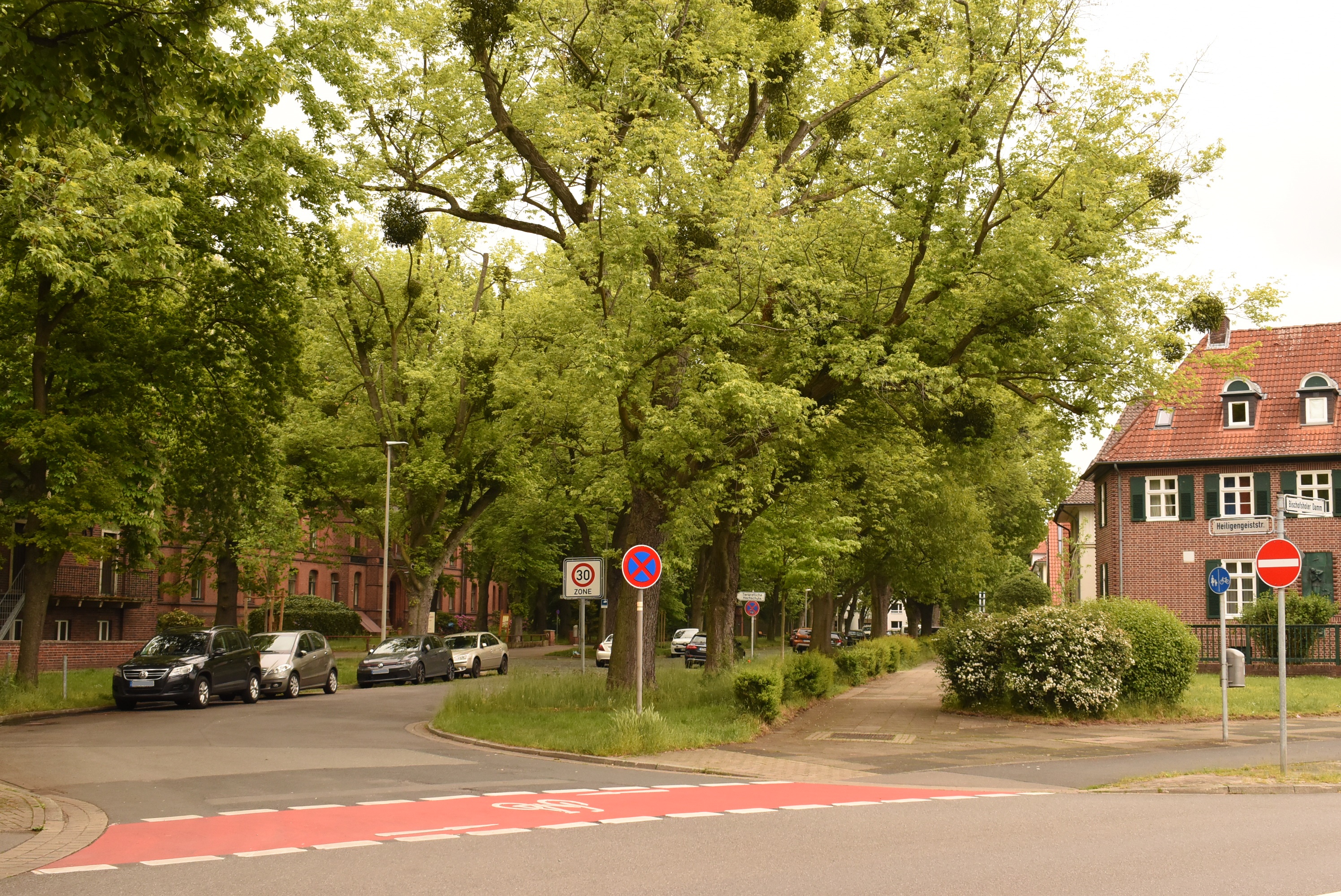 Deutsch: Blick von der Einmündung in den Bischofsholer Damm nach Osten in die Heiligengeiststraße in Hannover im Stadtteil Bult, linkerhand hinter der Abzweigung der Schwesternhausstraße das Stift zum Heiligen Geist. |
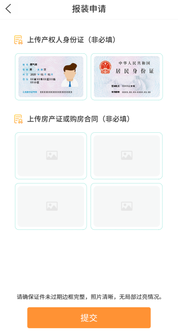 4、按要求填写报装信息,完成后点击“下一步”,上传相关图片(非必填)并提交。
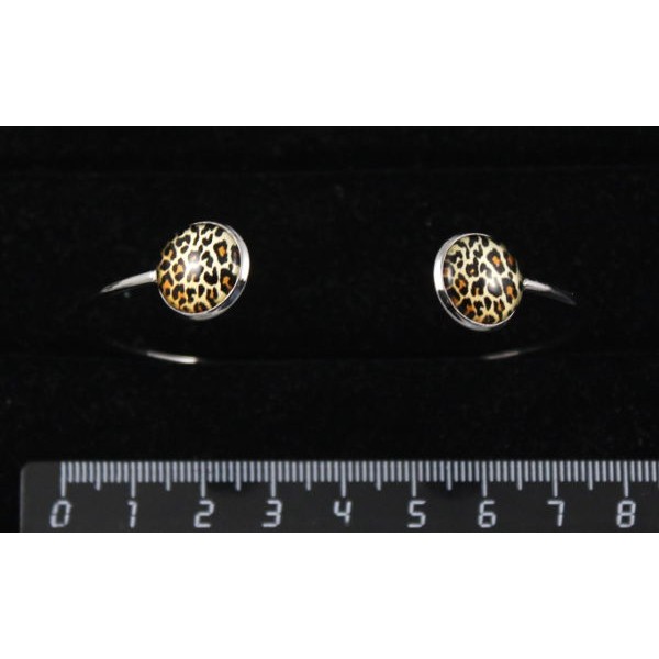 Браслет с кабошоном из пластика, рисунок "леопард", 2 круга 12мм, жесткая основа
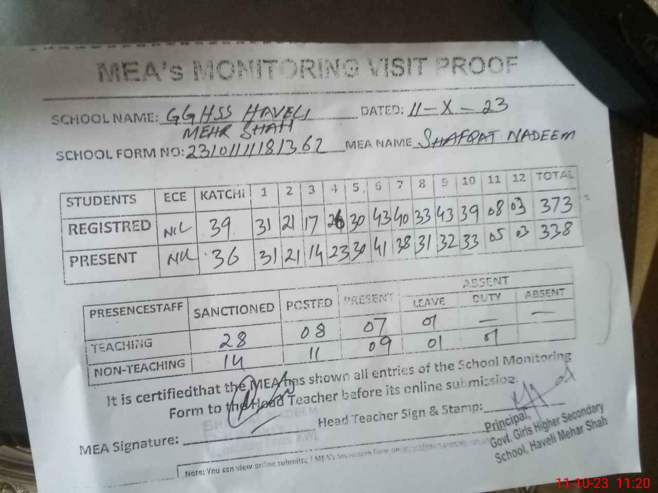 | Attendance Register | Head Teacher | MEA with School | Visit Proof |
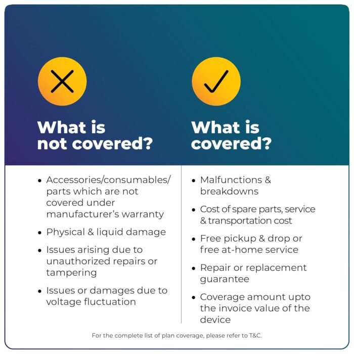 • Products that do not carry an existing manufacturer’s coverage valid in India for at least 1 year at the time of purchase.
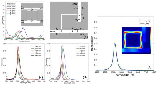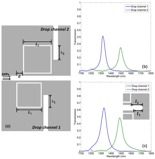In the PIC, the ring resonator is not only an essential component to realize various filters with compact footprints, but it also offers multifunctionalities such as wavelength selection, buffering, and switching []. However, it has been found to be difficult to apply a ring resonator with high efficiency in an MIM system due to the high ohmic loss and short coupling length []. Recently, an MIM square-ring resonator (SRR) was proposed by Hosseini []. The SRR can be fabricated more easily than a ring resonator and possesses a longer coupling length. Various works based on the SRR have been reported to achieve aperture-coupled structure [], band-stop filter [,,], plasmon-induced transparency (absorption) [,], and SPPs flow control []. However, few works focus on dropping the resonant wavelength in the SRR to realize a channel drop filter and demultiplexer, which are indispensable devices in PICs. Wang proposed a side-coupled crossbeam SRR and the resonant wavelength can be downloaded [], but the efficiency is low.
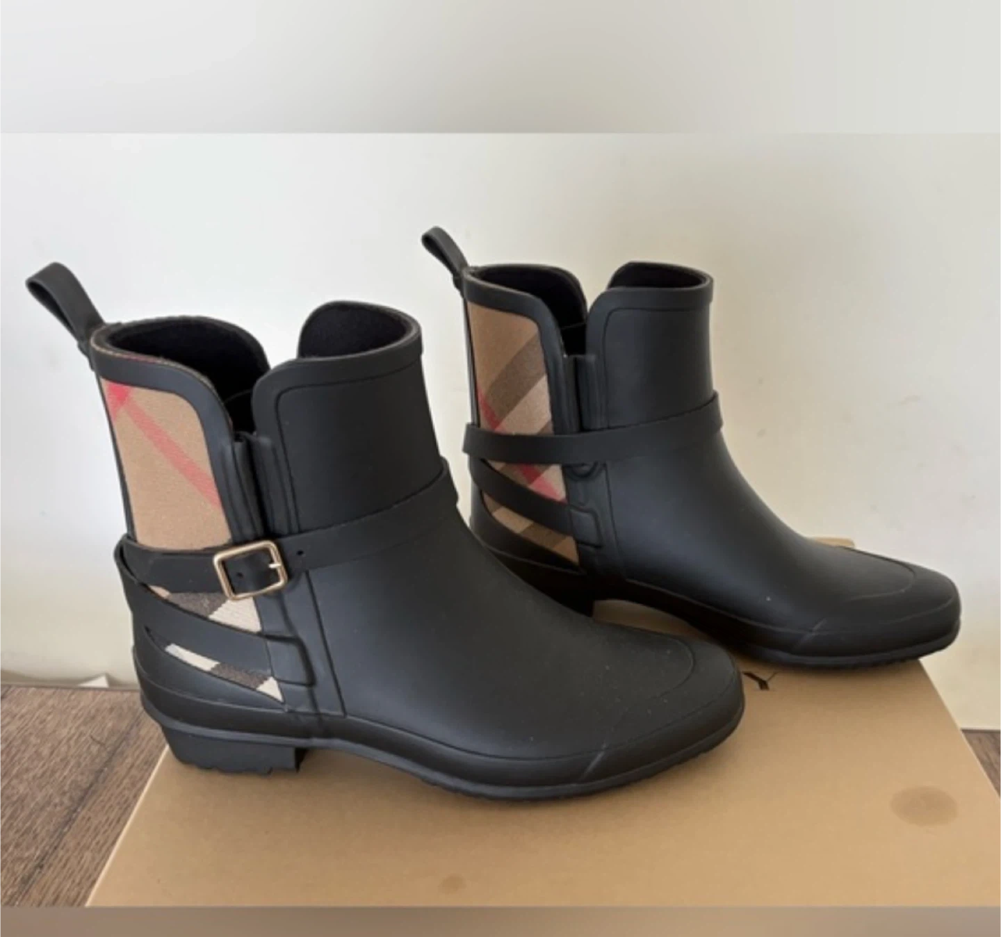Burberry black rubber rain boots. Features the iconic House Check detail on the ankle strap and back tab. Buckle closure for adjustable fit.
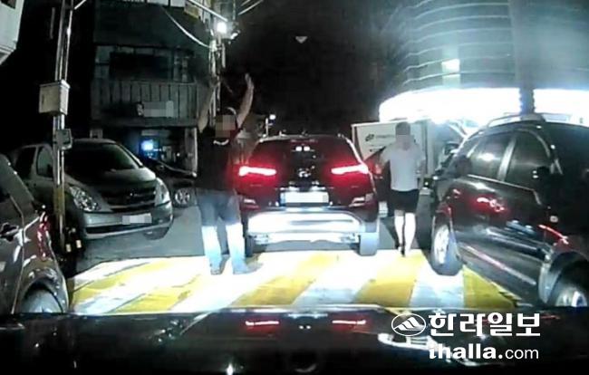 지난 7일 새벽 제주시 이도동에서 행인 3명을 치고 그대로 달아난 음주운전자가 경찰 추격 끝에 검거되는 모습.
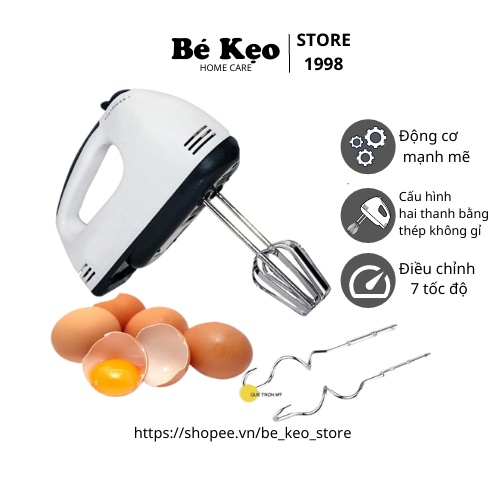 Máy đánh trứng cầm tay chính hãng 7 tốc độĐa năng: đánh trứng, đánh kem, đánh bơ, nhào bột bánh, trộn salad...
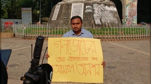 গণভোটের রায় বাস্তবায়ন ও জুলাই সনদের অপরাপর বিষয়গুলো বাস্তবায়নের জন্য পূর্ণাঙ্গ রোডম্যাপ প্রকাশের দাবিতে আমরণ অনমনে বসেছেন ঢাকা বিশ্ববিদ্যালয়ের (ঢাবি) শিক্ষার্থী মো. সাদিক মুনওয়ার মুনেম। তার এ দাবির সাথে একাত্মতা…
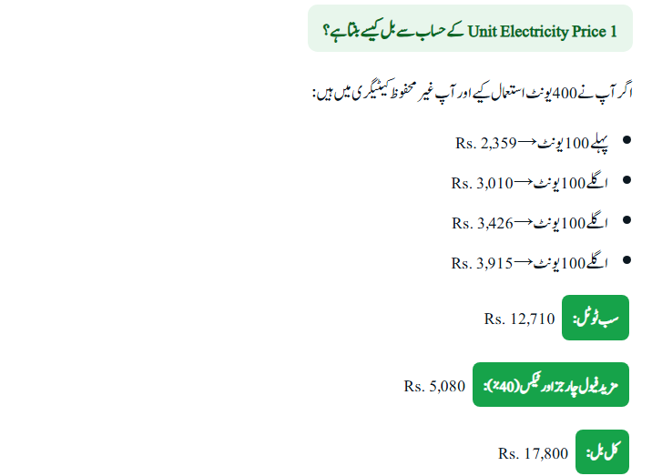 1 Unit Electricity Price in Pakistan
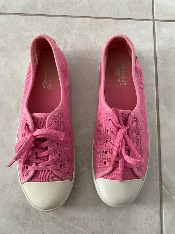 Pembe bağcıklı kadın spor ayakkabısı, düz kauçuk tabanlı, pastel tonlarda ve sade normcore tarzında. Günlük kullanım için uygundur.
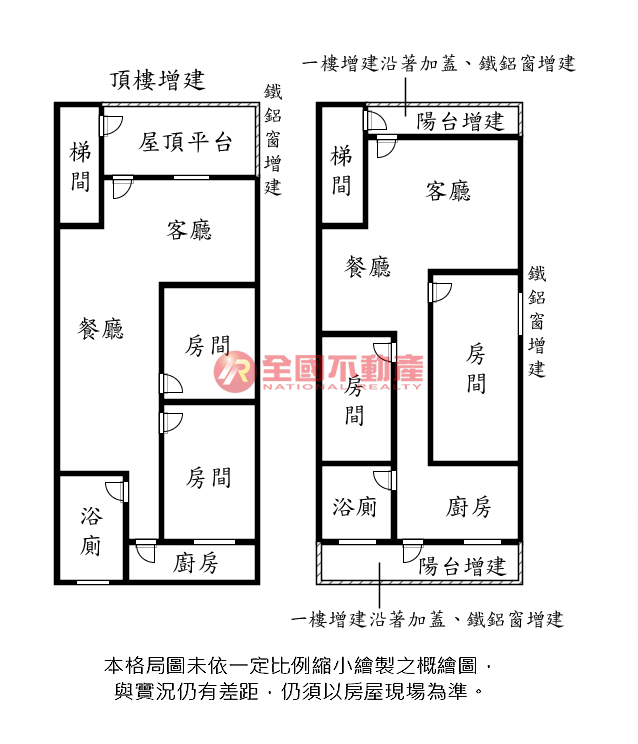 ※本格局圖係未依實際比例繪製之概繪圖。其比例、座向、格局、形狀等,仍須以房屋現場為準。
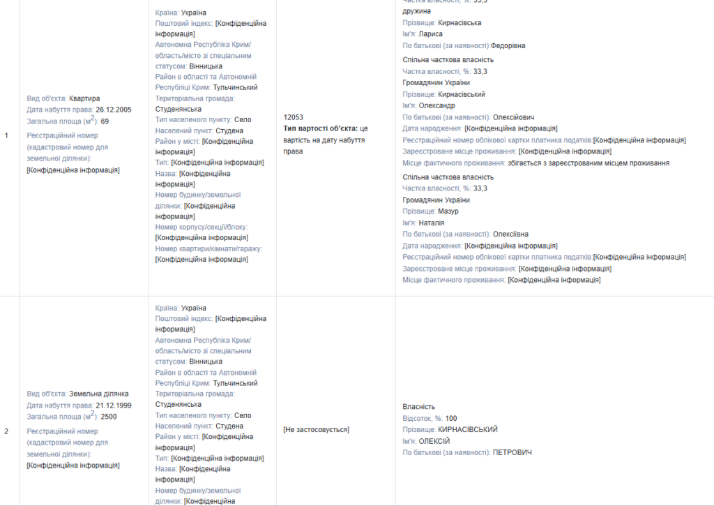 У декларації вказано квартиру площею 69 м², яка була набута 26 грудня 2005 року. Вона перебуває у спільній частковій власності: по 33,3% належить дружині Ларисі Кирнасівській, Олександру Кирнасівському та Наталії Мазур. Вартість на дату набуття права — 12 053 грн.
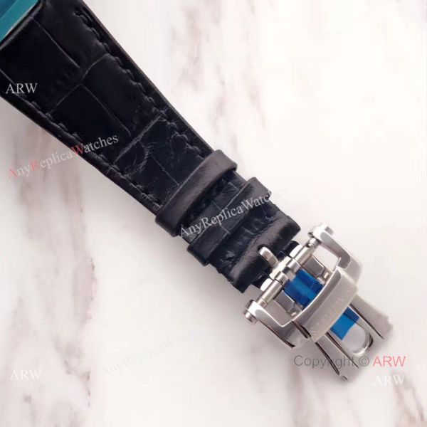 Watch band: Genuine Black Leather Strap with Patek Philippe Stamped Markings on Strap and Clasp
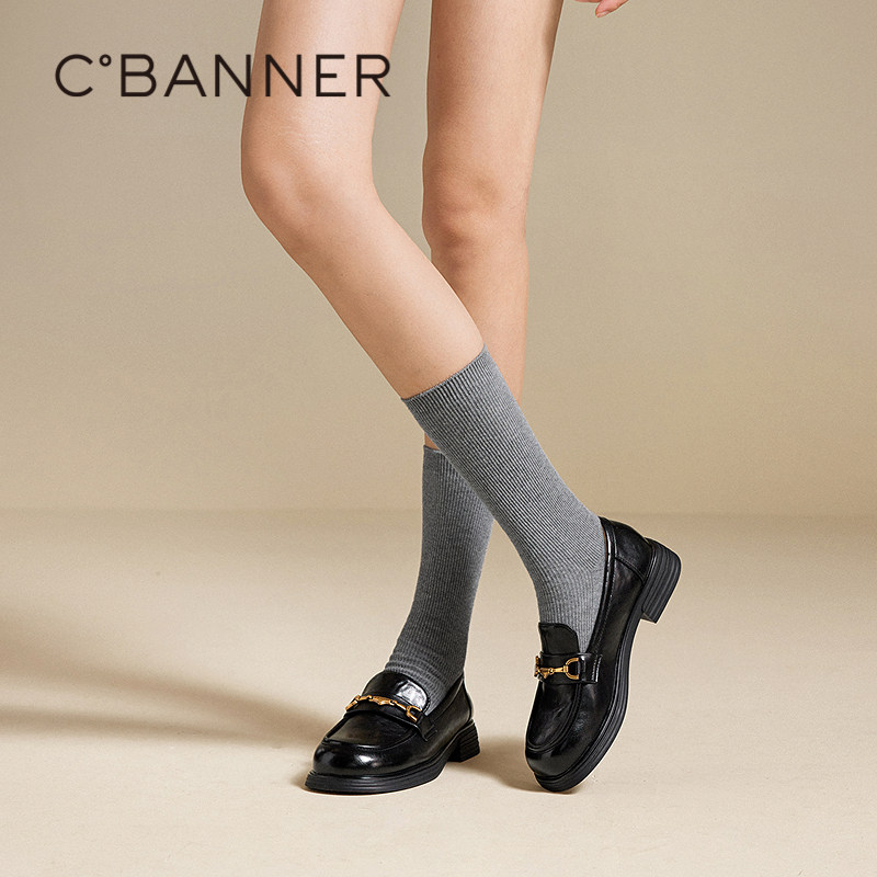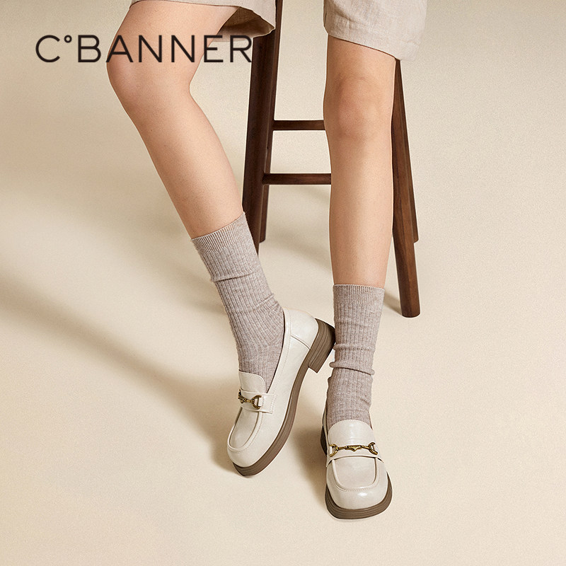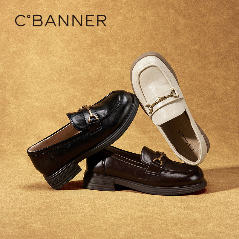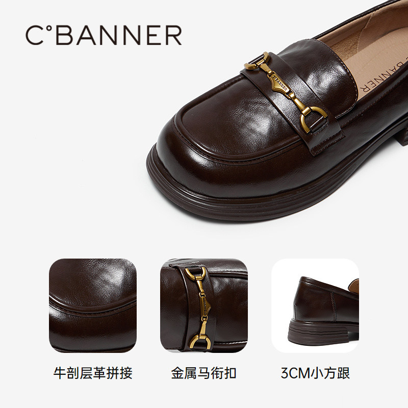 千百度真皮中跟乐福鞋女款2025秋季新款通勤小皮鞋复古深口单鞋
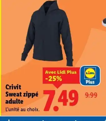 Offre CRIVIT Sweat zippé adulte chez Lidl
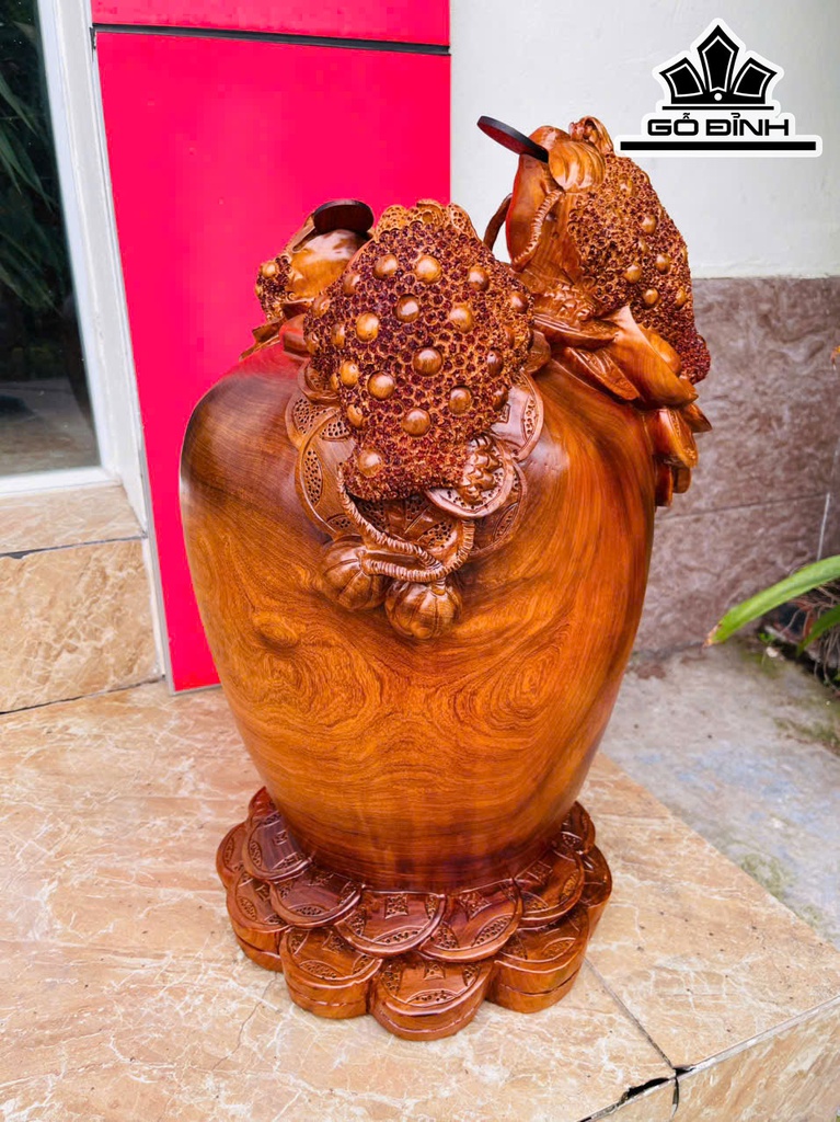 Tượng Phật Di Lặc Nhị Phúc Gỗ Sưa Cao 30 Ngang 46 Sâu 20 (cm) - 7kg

## PROBLEM TO WORK ON
In repeating the lines above, keep the wording exact and leave every picture out.

## RESULT BELOW
 Deutsch: Blick von der Einmündung in den Bischofsholer Damm nach Osten in die Heiligengeiststraße in Hannover im Stadtteil Bult, linkerhand hinter der Abzweigung der Schwesternhausstraße das Stift zum Heiligen Geist. |
 4、按要求填写报装信息,完成后点击“下一步”,上传相关图片(非必填)并提交。
 Браслет с кабошоном из пластика, рисунок "леопард", 2 круга 12мм, жесткая основа
 | Attendance Register | Head Teacher | MEA with School | Visit Proof |
 • Products that do not carry an existing manufacturer’s coverage valid in India for at least 1 year at the time of purchase.
In the PIC, the ring resonator is not only an essential component to realize various filters with compact footprints, but it also offers multifunctionalities such as wavelength selection, buffering, and switching []. However, it has been found to be difficult to apply a ring resonator with high efficiency in an MIM system due to the high ohmic loss and short coupling length []. Recently, an MIM square-ring resonator (SRR) was proposed by Hosseini []. The SRR can be fabricated more easily than a ring resonator and possesses a longer coupling length. Various works based on the SRR have been reported to achieve aperture-coupled structure [], band-stop filter [,,], plasmon-induced transparency (absorption) [,], and SPPs flow control []. However, few works focus on dropping the resonant wavelength in the SRR to realize a channel drop filter and demultiplexer, which are indispensable devices in PICs. Wang proposed a side-coupled crossbeam SRR and the resonant wavelength can be downloaded [], but the efficiency is low.
Burberry black rubber rain boots. Features the iconic House Check detail on the ankle strap and back tab. Buckle closure for adjustable fit.
 지난 7일 새벽 제주시 이도동에서 행인 3명을 치고 그대로 달아난 음주운전자가 경찰 추격 끝에 검거되는 모습.
 Máy đánh trứng cầm tay chính hãng 7 tốc độĐa năng: đánh trứng, đánh kem, đánh bơ, nhào bột bánh, trộn salad...
 গণভোটের রায় বাস্তবায়ন ও জুলাই সনদের অপরাপর বিষয়গুলো বাস্তবায়নের জন্য পূর্ণাঙ্গ রোডম্যাপ প্রকাশের দাবিতে আমরণ অনমনে বসেছেন ঢাকা বিশ্ববিদ্যালয়ের (ঢাবি) শিক্ষার্থী মো. সাদিক মুনওয়ার মুনেম। তার এ দাবির সাথে একাত্মতা…
 1 Unit Electricity Price in Pakistan
 Pembe bağcıklı kadın spor ayakkabısı, düz kauçuk tabanlı, pastel tonlarda ve sade normcore tarzında. Günlük kullanım için uygundur.
 ※本格局圖係未依實際比例繪製之概繪圖。其比例、座向、格局、形狀等,仍須以房屋現場為準。
 У декларації вказано квартиру площею 69 м², яка була набута 26 грудня 2005 року. Вона перебуває у спільній частковій власності: по 33,3% належить дружині Ларисі Кирнасівській, Олександру Кирнасівському та Наталії Мазур. Вартість на дату набуття права — 12 053 грн.
 Watch band: Genuine Black Leather Strap with Patek Philippe Stamped Markings on Strap and Clasp
 千百度真皮中跟乐福鞋女款2025秋季新款通勤小皮鞋复古深口单鞋
 Offre CRIVIT Sweat zippé adulte chez Lidl
 Tượng Phật Di Lặc Nhị Phúc Gỗ Sưa Cao 30 Ngang 46 Sâu 20 (cm) - 7kg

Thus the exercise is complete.